Capstone Project: Impact of an obstetric life support program on the knowledge level of the perinatal nurses
DNP Student: Raji Menon (Winner of Outstanding DNP Student Award)
Background: Resuscitation of obstetric patients is challenging when compared to resuscitation of non-pregnant patients. The alarming trend of rising maternal mortality in United States combined with the fact that at least half of the maternal deaths are preventable emphasizes the need for increased education among obstetric caregivers.
Purpose: This study utilized a quasi-experimental, one-group pre-test, post-test design by using a nine-item survey, developed by researchers from Stanford University Medical Center, California. Perinatal nurses (N=60) received training to enhance knowledge and skills to deal with maternal arrests. Participants were tested for knowledge immediately before and immediately after the training program.

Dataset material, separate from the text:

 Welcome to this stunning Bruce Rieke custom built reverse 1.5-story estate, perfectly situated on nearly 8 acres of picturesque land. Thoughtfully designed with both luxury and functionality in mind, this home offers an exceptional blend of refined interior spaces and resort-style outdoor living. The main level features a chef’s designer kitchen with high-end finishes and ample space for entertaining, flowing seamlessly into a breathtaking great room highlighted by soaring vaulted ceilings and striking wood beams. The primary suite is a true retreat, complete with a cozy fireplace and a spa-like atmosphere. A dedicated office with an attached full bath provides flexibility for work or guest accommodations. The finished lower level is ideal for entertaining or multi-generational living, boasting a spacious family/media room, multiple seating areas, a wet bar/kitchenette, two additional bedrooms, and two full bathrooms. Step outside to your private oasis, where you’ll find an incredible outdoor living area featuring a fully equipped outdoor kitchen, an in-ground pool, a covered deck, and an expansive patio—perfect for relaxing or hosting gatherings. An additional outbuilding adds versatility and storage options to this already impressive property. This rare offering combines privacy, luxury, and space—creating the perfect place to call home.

Results: Data were analyzed using t-tests and analysis of variance (ANOVA). The specialized course was equally effective for those who had prior experience in obstetric resuscitation and those who did not have the resuscitation experience (F-statistic of F(df 1, 54) = 3.718, p = 0.059). Overall, the partial eta squared of 0.55 represented a strong effect of the specialized educational program focused on obstetric cardiopulmonary resuscitation.

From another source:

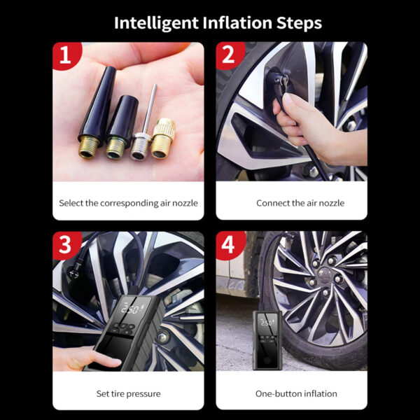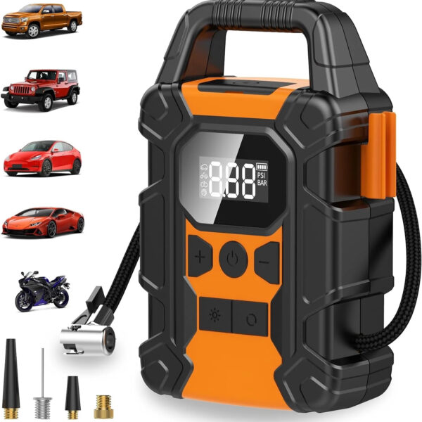 - Smart Wireless Digital Inflator: Features a 150PSI inflator with an LCD display screen that allows for easy pressure presetting, automatic shut-off, and accurate tire pressure monitoring. It includes 4 different nozzles and a detachable extended hose, making it versatile for inflating car tires, bikes, balls, and more.
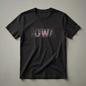 Iowans who want to display their state pride and patriotism will reach for this unique graphic tee. The design features the word "IOWA" rendered in bold, distressed block letters. Within each letter, the iconic stars and stripes of the American flag are visible, giving it a weathered and vintage feel. A sketched outline surrounds the letters, adding an artistic, hand-drawn element to the overall aesthetic. This shirt is a thoughtful gift for anyone who calls Iowa home, whether they are lifelong residents or have moved away but still hold a special place in their heart for the Hawkeye State. It's a great way to celebrate your roots and your love for the USA. Wear this tee to local festivals, family gatherings, or simply as a daily expression of your identity. Iowa, known as the "Corn State," is a heartland state celebrated for its agricultural contributions and friendly communities. This apparel serves as a wearable tribute to that spirit.

Conclusion: The specialized course made a significant difference in the post-test scores from the pre-test scores for all perinatal nurses, regardless of prior obstetric resuscitation experience. This increased knowledge has the potential to reduce maternal mortality rates if applied in all obstetric care settings. Further research is needed to determine if knowledge is retained and to determine if mortality rates are affected when staff are trained; however, this training program may serve as a prototype for similar environments in other health care settings.
Capstone Project: Nursing Education to Improve Early Recognition and Management of Pediatric Sepsis
DNP Student: Joni Williams
Sepsis affects millions of children every year and is a leading cause of morbidity and mortality worldwide. Each year in the US sepsis is responsible for thousands of hospitalizations and more than $2 billion in health care costs. Although recommendations and guidelines have been published there are still challenges and gaps in care regarding pediatric sepsis. Barriers include knowledge deficits in the recognition of the symptoms, delays obtaining orders and diagnosis, laboratory results, and timely administration of medications. Pediatric sepsis is recognized as a major public health problem, leading cause of death, and significant challenge in the US despite advances in knowledge, guidelines, and treatments.
The purpose of this project was to increase the knowledge, skill, confidence, and competence of pre-licensure nursing students in the early identification and management of pediatric sepsis. Early detection has been demonstrated to decrease morbidity and mortality improving outcomes for children. Data were collected using convenience sampling at a nonprofit university in a school of nursing, in northern California. The study population was pre-licensure nursing students enrolled in a pediatric course. The design of the study was quasi-experimental using a sepsis knowledge questionnaire and METI SET, a didactic presentation, simulation and debriefing activities. It was hoped the conclusion of the project would reveal educational innovations such as didactic presentations used in conjunction with simulation/ debriefing activities would succeed in achieving increased knowledge, skill, confidence, and competence in the early management and recognition of pediatric sepsis.